Log Harvest Processing
----------------------
Then LogAggregationScheduleManager schedules recurring Quartz job (every 24 hours) for LogAggregationHarvestJob which handles running the
tasks that harvest log data from the MNs.

Next a Hazelcast listener is registered for the top thehzLogEntryTopic. When log entries are returned from MNs they will posted to
Hazelcast so that they are distributed to every CN.

A Hazelcast systemmetadata listener is also registered so that certain changes to mutable systemmetata fields (see System Metadata
Updates for details).

The queue indexLogEntryQueue is then setup when the listener LogEntryTopicListener is called. This queue is how tasks that perform the log aggregation
and tasks that perform the log indexing communicate. 

LogAggregationHarvestJob runs the task LogAggregatorTask that queries each MN by calling mn.getLogRecords and retrieving up to 1000 event log records at a 
time, starting after the last date retrieved that was recorded by the last run, if any.

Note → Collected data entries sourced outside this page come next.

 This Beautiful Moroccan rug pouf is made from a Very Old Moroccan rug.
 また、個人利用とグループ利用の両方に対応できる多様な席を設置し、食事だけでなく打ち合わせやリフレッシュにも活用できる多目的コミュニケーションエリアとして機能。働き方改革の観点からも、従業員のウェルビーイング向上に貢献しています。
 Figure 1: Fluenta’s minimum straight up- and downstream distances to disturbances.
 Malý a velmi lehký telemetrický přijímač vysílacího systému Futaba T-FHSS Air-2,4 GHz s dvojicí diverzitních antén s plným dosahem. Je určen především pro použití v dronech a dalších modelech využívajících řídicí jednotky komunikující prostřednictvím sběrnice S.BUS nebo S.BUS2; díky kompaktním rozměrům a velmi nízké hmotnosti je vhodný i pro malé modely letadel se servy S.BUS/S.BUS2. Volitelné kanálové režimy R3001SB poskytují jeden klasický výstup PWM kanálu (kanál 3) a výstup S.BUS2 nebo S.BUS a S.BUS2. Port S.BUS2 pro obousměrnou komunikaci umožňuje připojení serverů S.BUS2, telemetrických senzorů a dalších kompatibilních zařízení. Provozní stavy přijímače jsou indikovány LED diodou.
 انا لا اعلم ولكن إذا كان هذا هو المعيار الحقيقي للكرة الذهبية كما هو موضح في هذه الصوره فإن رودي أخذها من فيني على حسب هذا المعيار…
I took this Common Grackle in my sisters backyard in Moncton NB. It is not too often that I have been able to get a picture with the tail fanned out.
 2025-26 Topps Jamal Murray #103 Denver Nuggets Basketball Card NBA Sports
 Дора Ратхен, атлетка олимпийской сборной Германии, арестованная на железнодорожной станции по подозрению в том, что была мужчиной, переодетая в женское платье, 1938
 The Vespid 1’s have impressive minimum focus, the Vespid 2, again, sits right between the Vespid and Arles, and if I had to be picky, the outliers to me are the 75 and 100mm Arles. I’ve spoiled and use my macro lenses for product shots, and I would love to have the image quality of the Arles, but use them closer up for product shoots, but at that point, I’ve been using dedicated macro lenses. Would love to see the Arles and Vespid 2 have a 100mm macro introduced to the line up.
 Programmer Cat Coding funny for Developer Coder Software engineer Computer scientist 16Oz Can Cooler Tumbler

LogAggregatorTask then modifies
each harvested record by adding the following fields: isPublic, dateAggregated, nodeId, readPermissions, formatId, formatType, size,
rightsHolder, country, region, city, geohash_1 - geohash_9, location. These records are then published to the Hazelcast topic
hzLogEntryTopic so that each CN that is running LAF will have it's LogEntryTopicListener fire, which published them to the queue indexLogEntryQueue.
In this way one CN harvests a single MN at a time, and the processing of those records is synced with the other CNs. 

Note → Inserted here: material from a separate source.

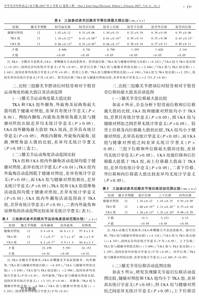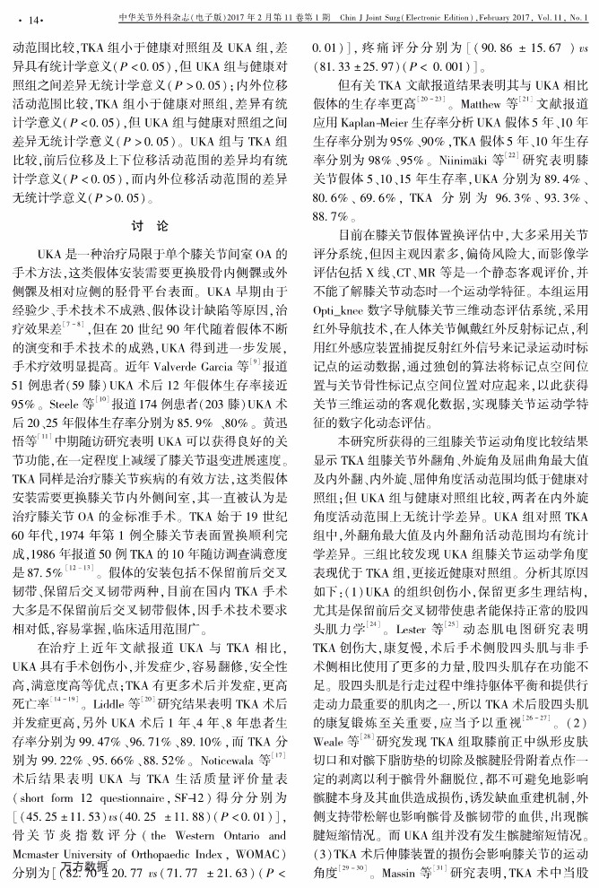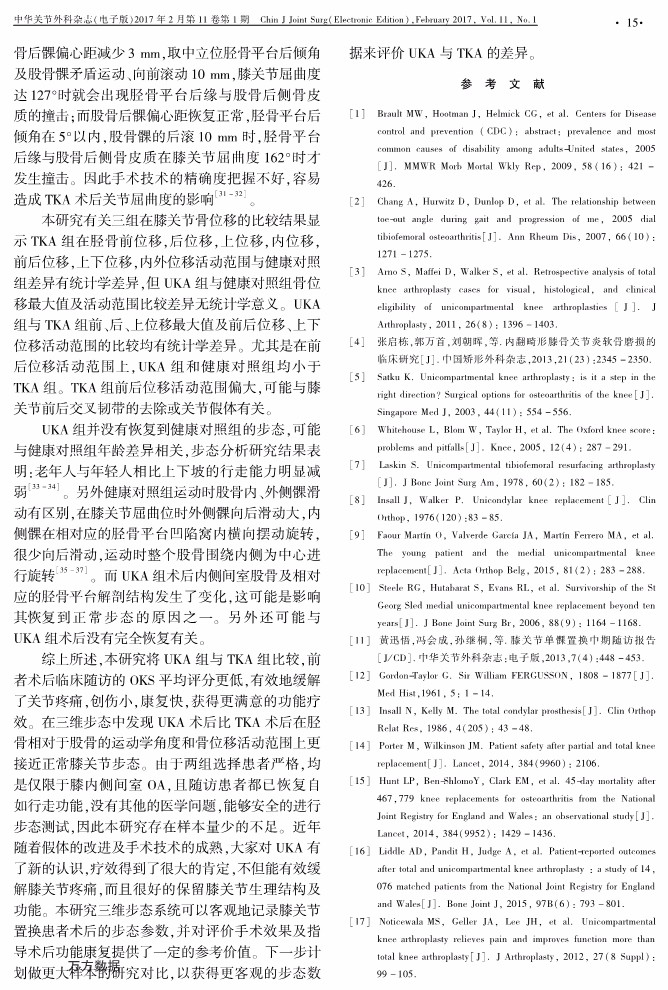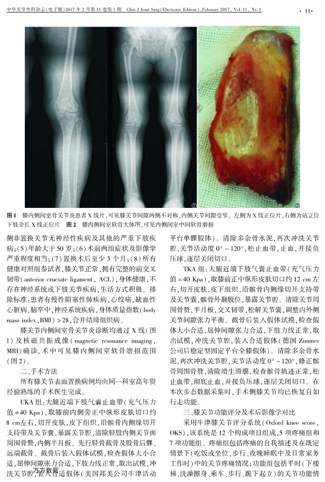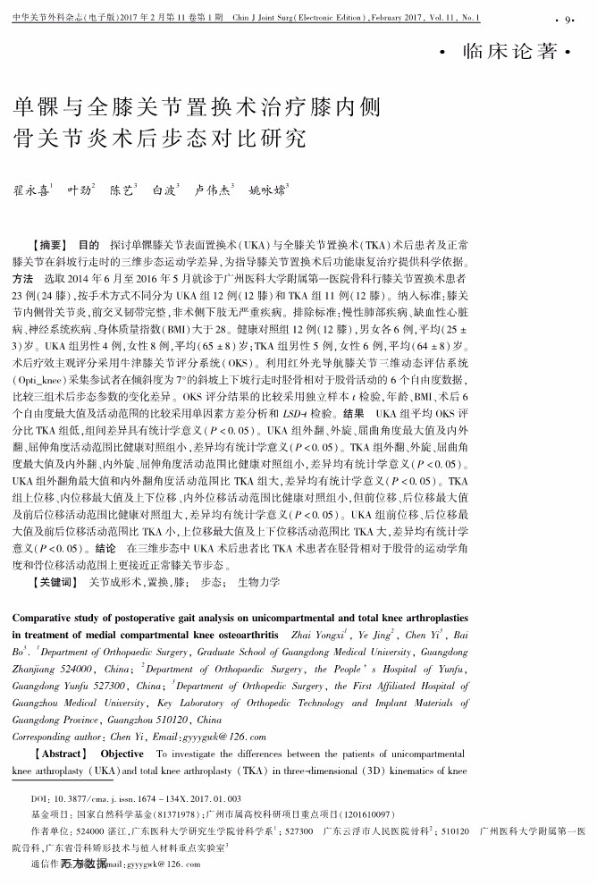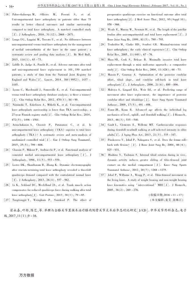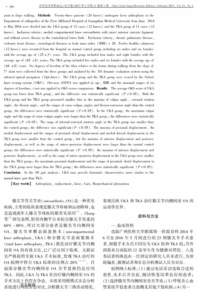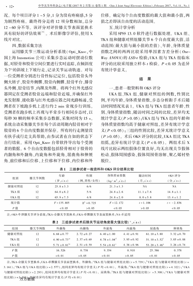 单髁与全膝关节置换术治疗膝内侧 骨关节炎术后步态对比研究

On the indexing side of processing, LogEntryQueuManager is initialized by Spring when d1_processing init script is run executes
the task LogEntryQueueTask that reads and processes entries from the logEntrySolrItemList when this queue has accumulated 100 entries.

LogEntryQueueTask then starts task LogEntryIndexTask which sends entries to Solr for indexing.

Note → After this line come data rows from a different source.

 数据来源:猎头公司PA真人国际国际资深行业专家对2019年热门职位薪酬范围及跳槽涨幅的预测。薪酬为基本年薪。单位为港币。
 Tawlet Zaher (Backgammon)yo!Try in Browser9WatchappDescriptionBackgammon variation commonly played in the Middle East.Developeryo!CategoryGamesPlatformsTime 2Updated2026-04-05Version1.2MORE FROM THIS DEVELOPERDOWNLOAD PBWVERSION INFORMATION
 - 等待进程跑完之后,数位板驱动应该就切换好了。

*Figure 2.* Log Aggregation Processing

.. figure:: images/log-aggregation-sequence.png

System Metadata Updates
-----------------------
In addition to processing harvested records, when an entry in the Hazelcast Systemmetadata map is added or updated, 
SystemMetadataEntryListener runs. This may happen when one of the mutable fields in systemmetadata changes, such as
formatId. In this event, all event log records for that pid must be updated, so SystemMetadataEntryListener
retrieves these records, updates them with the current information in systemmetadata and then updates
the entries and then publishes them to the IndexLogEntrySolrItem queue, so that they are processed in the same
way as new Event Log records.

*Figure 3.* System Metadata Listener

.. figure:: images/systemmetadata-listener-activity.png

Solr Index
----------
Table 2 shows the fields contained in the Event Log Solr index 

*Table 2.* Solr index schema

.. include:: EventLogIndexSchema.txt
         
Solr Query Processing
---------------------

The Event Log Solr index can be queried from the service endpoint https://cn.dataone.org/cn/v1/query/logsolr, for example, the following query
will return read counts for each node in the network:

::

  https://cn.dataone.org/cn/v1/query/logsolr/select?q=event:read&facet=true&facet.field=nodeId

The Event Log Solr index requires authenticated access, because some fields in the log entries contain sensitive information, as
shown in *Table 2*. 

Solr queries are inspected and rewritten by SolrLoggingHandler such that counts for Solr entries will be included only if the entries are
publicly accessible, or the user is a CN administrator or the caller's identify has access privileges to the pids of the entries.

If the requesting session has a certificate then a list of authorized subjects is obtained from LDAP and access is based on
the authorized subjects. Since the Solr index contains access information from systemmetadata, the same access rules that apply to
systemmetadata will apply to the event log. 

If the authenticated user is the CN administrator then the entire contents of each SOLR document are available in the SOLR result.

Example Queries
---------------

A description of how to query the Event Log Solr Index, please see the document `<UsageStatistics.html>`_.